**Work order:** Every word in the data below belongs in your copy, exactly as given; the pictures do not.

**Supplied information:**
»»

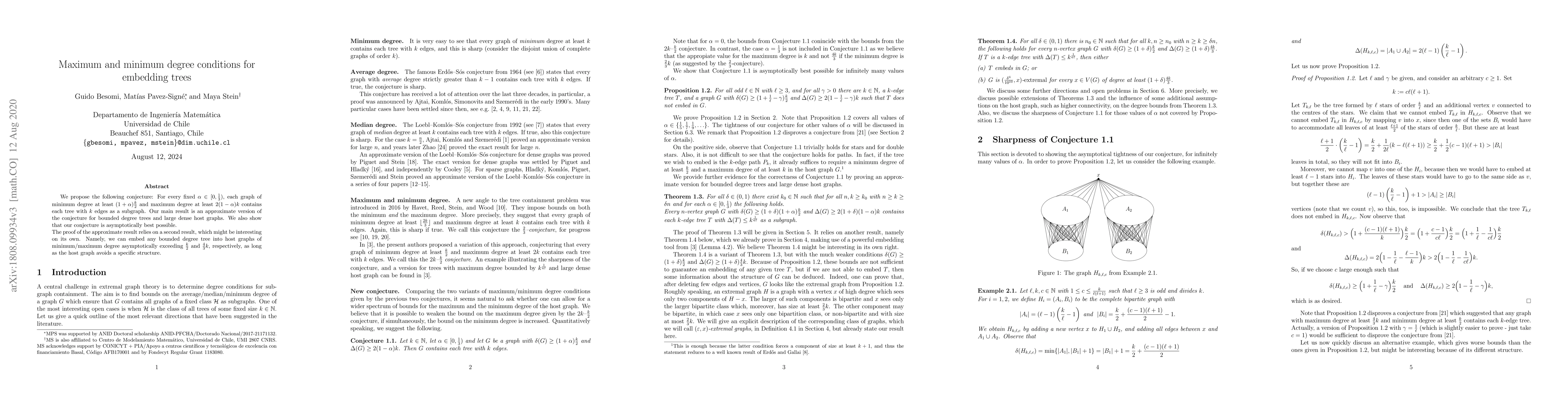 We propose the following conjecture: For every fixed $\alpha\in [0,\frac 13)$, each graph of minimum degree at least $(1+\alpha)\frac k2$ and maximum degree at least $2(1-\alpha)k$ contains each tree with $k$ edges as a subgraph. Our main result is an approximate version of the conjecture for bounded degree trees and large dense host graphs. We also show that our conjecture is asymptotically best possible. The proof of the approximate result relies on a second result, which we believe to be interesting on its own. Namely, we can embed any bounded degree tree into host graphs of minimum/maximum degree asymptotically exceeding $\frac k2$ and $\frac 43k$, respectively, as long as the host graph avoids a specific structure.
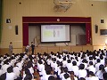 本校体育館において、カンコー学生服の方をお招きして、標準服着こなし講座を行っていただきました。「学生になぜ標準服が必要なのか」「プライベートウェアとフォーマルウェアとオフィシャルウェアの違い」「なぜ標準服を着崩してはいけないのか」など、わかりやすく話していただきました。
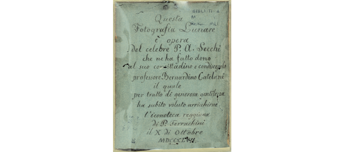 Фотографии Луны, изображенные здесь, были найдены среди рукописей Наборре Кампанини из Библиотеки Паницци: они оформлены в рамку, а на обороте есть дата и рукописная заметка (рис. 1). Сохраненные в Фототеке фотографии свидетельствуют о серии, сделанной Анджело Секки совместно с римским фармацевтом Франческо Барелли в 1857 году.

««

**Solution to this problem:**
 We propose the following conjecture: For every fixed $\alpha\in [0,\frac 13)$, each graph of minimum degree at least $(1+\alpha)\frac k2$ and maximum degree at least $2(1-\alpha)k$ contains each tree with $k$ edges as a subgraph. Our main result is an approximate version of the conjecture for bounded degree trees and large dense host graphs. We also show that our conjecture is asymptotically best possible. The proof of the approximate result relies on a second result, which we believe to be interesting on its own. Namely, we can embed any bounded degree tree into host graphs of minimum/maximum degree asymptotically exceeding $\frac k2$ and $\frac 43k$, respectively, as long as the host graph avoids a specific structure.
 本校体育館において、カンコー学生服の方をお招きして、標準服着こなし講座を行っていただきました。「学生になぜ標準服が必要なのか」「プライベートウェアとフォーマルウェアとオフィシャルウェアの違い」「なぜ標準服を着崩してはいけないのか」など、わかりやすく話していただきました。
 Фотографии Луны, изображенные здесь, были найдены среди рукописей Наборре Кампанини из Библиотеки Паницци: они оформлены в рамку, а на обороте есть дата и рукописная заметка (рис. 1). Сохраненные в Фототеке фотографии свидетельствуют о серии, сделанной Анджело Секки совместно с римским фармацевтом Франческо Барелли в 1857 году.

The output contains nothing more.